Tuesday, December 6, 2011

Innagural Winter Short Stories Festival 8:27

Father Frost a Russian Fairy Tale:
Fairy Tales are dark things.  They tell us of a subteranean darkness.  This story is similar to the little match girl, in that it shows the need to protect youth from the adult mean world.


Deserted by her father, the poor girl sat down under a fir-tree at the edge of the forest and began to weep silently. Suddenly she heard a faint sound: it was King Frost springing from tree to tree, and cracking his fingers as he went. At length he reached the fir-tree beneath which she was sitting, and with a crisp crackling sound he alighted beside her, and looked at her lovely face.

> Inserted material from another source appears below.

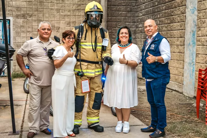 Cartagena de Indias D. T y C; 26 de octubre de 2023. El gobierno Salvemos Juntos a Cartagena se convirtió en el primer gobierno en los últimos 14 años en entregar trajes de aproximación al fuego a todos los miembros del cuerpo de bomberos de la ciudad. La Secretaría del Interior y Convivencia Ciudadana del Distrito, en compañía de la Personería Distrital y la Defensoría del Pueblo Regional, entregó los trajes que están diseñados específicamente para proteger a los bomberos de las altas temperaturas que se producen en situaciones de incendio o en condiciones de temperatura extrema.

I was listening to the Schnitt-Show yesterday, and he was talking about a teacher who told her elementary class that Santa was not real.   This is not her job.  Her job is to allow the children to be formed by their parents, and allow these parents to celebrate the miracle of St. Nick.  A teacher should protect her students from the cynical adult world.  The only cure from the icing of ones heart is to embrace the myth.  The Father Frost story ends with a warning about what happens when adults keep the warmth of home away from their children.
"At that moment the door flew open, and she rushed out to meet her daughter, and as she took her frozen body in her arms she too was chilled to death."